Até Tóquio, terra que muito lhe diz, pouco se soube do foragido Pedro Pablo Pichardo, que se pôs a andar de Setúbal nos arrabaldes de março, quando na ressaca da zanga com o Benfica abalou para San Vendemiano, em Itália, trintão mas apto a pular rumo a nova aventura. Saído prateado de Paris, o melhor triplo-saltista português manteve-se furtivo desde a mudança para o ATL-Etica, clube especialista em gente com trampolins nos pés, que galga, até tem um projeto batizado de “Canguru”, a vida deles é aos saltos.

Igual à de Pichardo, qualificado para a final dos Mundiais de atletismo, aos 32 anos, com a terceira melhor marca (17.09 metros) entre a dúzia de pretendentes, deveras longe do seu excelso melhor (18.08m), afastado da marca (17.84m) que o brindou com uma medalha nos ultimos Jogos, também aquém da distância que pulou em agosto (17.47m), na única vez que competira esta época antes de regressar à saudosa, e já composta, capital do Japão. Há quatro anos, no mesmo estádio, lá foi campeão olímpico (17.98m) sem gente a vê-lo.

Superada a pandemia, esta sexta-feira as bancadas tinham pessoas, olhos a impressionar e palmas de mãos para Pichardo pedir, disse ele que em 2021 sentiu essa falta e pediu-as, na final, ao ser o primeiro a saltar. Fez cerimónia no pulo (17.07m), abanou a cabeça, abeirou-se da bancada para ouvir o pai, Jorge, seu treinador que na qualificação lhe “puxou as orelhas” por relaxar no aquecimento. Pouco demoraram o argelino Yasser Mohammed e o cubano Lázaro Martínez a superarem-no à primeira tentativa. Mais era preciso se quisesse ser o primeiro português bicampeão de atletismo.

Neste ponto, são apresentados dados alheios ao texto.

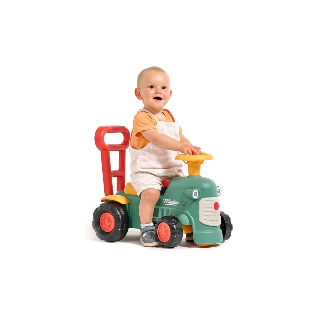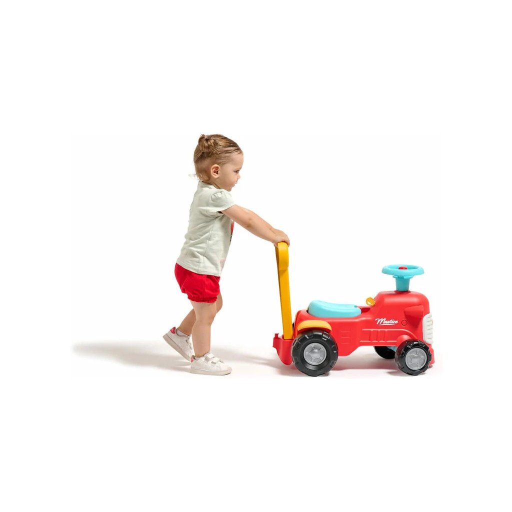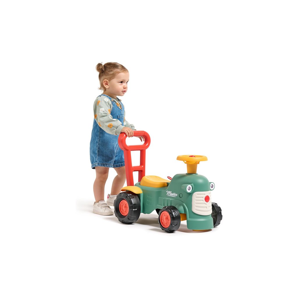 Dětské odrážedlo a chodítko 2v1 - Maurice od francouzského výrobce FALK. Odrážedlo má design klasických starých traktorů (Vintage vzhled). Díky madlu v zadní části jej může dítě využít jako oporu při chůzi. Je vyrobeno z vysoce kvalitního a odolného plastu s ohledem na bezpečnost dětí. Obsahuje otevírací sedátko s úložným prostorem, funkční klakson na volantu a otočnou přední nápravu volantem. Kvalitní nálepky dotvářejí vzhled odrážedla. Pro děti od 1 roku.
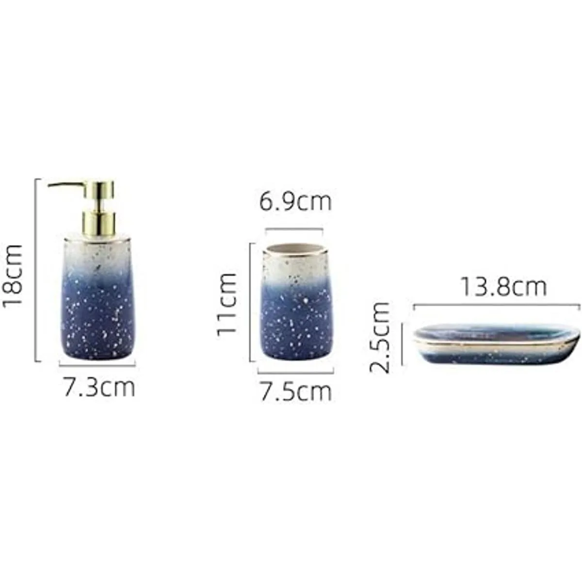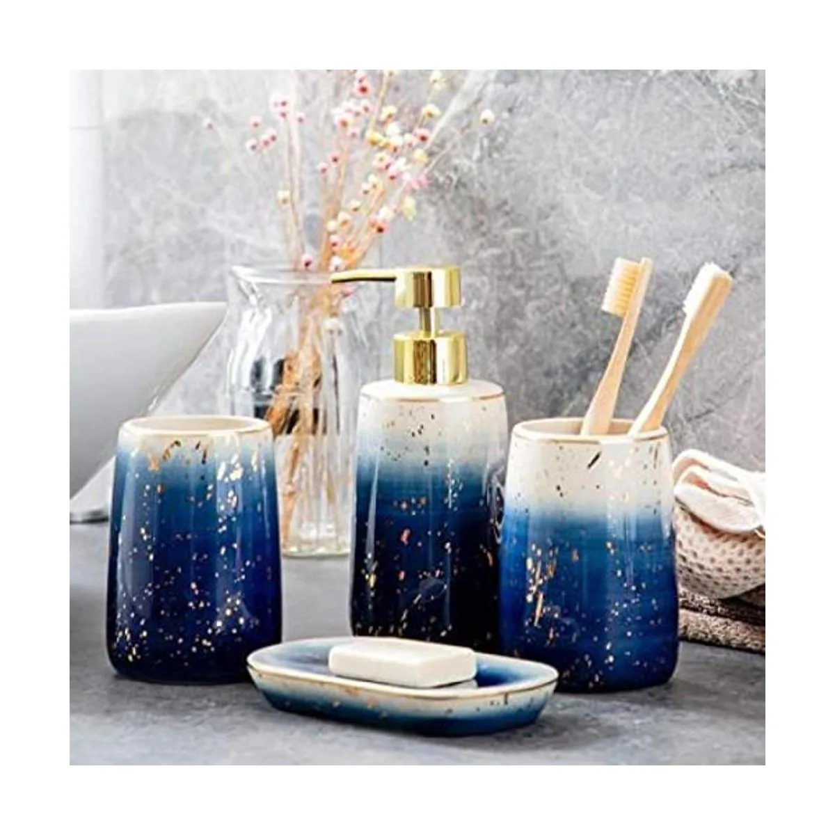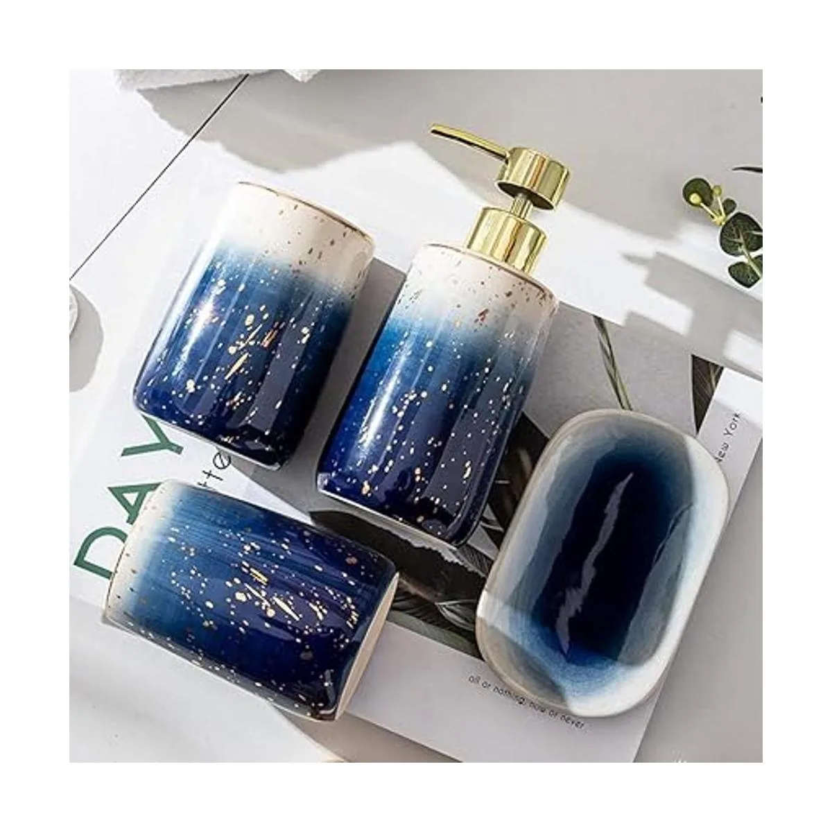 Juego de 4 accesorios de cerámica para el baño, juego de 4 lavadores de color azul degradado, 2 tazas de gárgaras, 1 jabonera, 1 dispensador de loción, ideas de regalo para el hogar para artículos de decoración del hogar
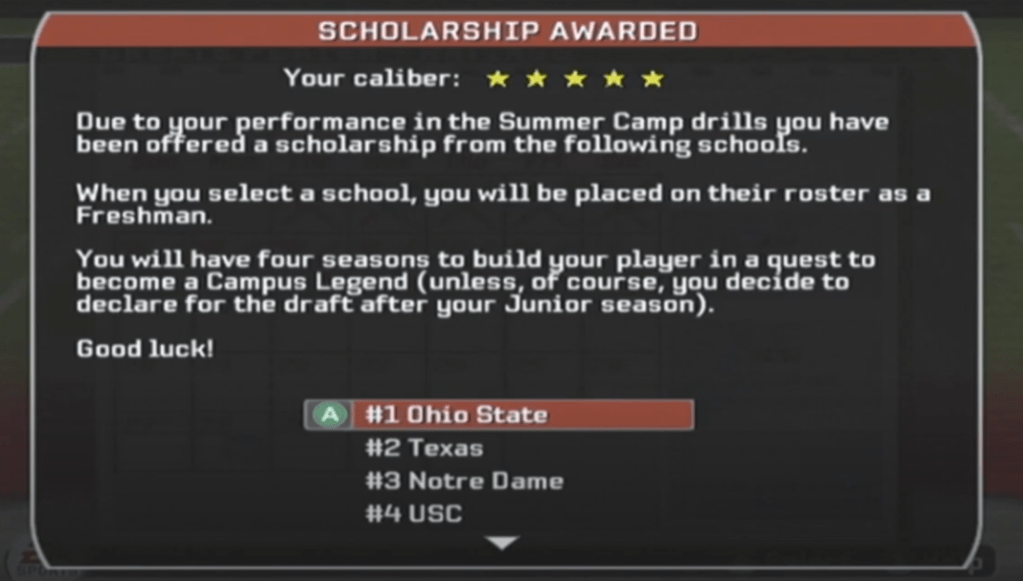 Campus Legend was a deep and detailed “single-player” mode in which you take control of an unsigned high school recruit and run drills to earn attribute points. At the end of your drills (different ones for each potential position) you will receive scholarship offers from schools, depending on how well you perform. A top-tier performance in the drills earns you offers from every school in the game. You can take one of those offers, or you can choose to enroll in any school of your choosing as a walk-on. As is the case in the real world, walk-ons must do more to earn their place at a bigger school. You enroll in school and must choose a major. Each major will improve certain statistics, with harder majors giving you better types of stat boosts. You must balance performance on the field with performance in the classroom, as you need to succeed at both if you hope to become a legend. During the season you must attend class (simulated if it’s not a test or quiz), attend practice (where you earn attribute points if you do well), and then choose an evening activity. You can either study and receive the answer to a potential exam question, meet with a tutor to improve your GPA, play a position drill to earn extra attribute points, or go to a social activity to boost popularity. Weekends are for games (assuming they are scheduled for that week). There’s a HUGE focus on academics – if your GPA goes down, so do your stats. At the end of the mode, when you have fully cemented yourself as a legend, you can export your player to Madden NFL 2007 to continue your pro career, or you can jump right into Dynasty Mode as coach of your team.

E quando Pedro Pichardo retomou ao tartã, com cara séria, pareceu ser imune à gravidade de Tóquio, alquimista de outra força de atração: o seu corpo voou para aterrar nos 17.55 metros, uma senhora marca, cravada de potencial de medalha. Ele sabia-o. Esmurrou o ar ao levantar, atirou um pouco da areia a que vincara a mão, esbugalhou os olhos de um atleta que ruge em direção à bancada. Ainda muito restava por saltar, mas era uma pose triunfal. Naturalizado português desde 2017, apenas Martínez, nascido também em Cuba, se aproximou (17.49m) no segundo salto.

Antes do terceiro salto, Pichardo fechou os olhos, deu-se um momento para respirar fundo, depois arrancou mais bruás das bancadas, parecia ter feito ainda melhor, mas era areia de vista, nos grãos ficou que afinal repetira os 17.55 metros. E conteve-se, não repetiu o festejo exuberante. Estava já noutra zona, uma mais contida, “in the zone” como dizem os americanos: quando a final virou para os derradeiros três saltos o português estava de costas na pista, deitado e com as pernas dobradas. Tinha os olhos fechados, estava no seu canto.

Christian Petersen

Chegada a sua vez, Pichardo quis cativar, quis esmolas do público, pediu as palmas e até a síncope em que as pretendia, a gente aderiu, lá ele, o quarto ensaio ficou-se pelos 17.36 metros. Rapidamente regressou ao solo, deitado e de persianas fechadas, enquanto Andy Díaz Fernandez, italiano campeão europeu de pista coberta, e Lázaro Martínez, encaravam a pista e arrependiam-se a meio da corrida. Ao ver o cubano replicar a falência no quinto ensaio, o português abdicou de saltar o seu. Bastava-lhe gerir, ir respirando fundo, deixar o costado no tartã se possível - cria que a vitória estava iminente.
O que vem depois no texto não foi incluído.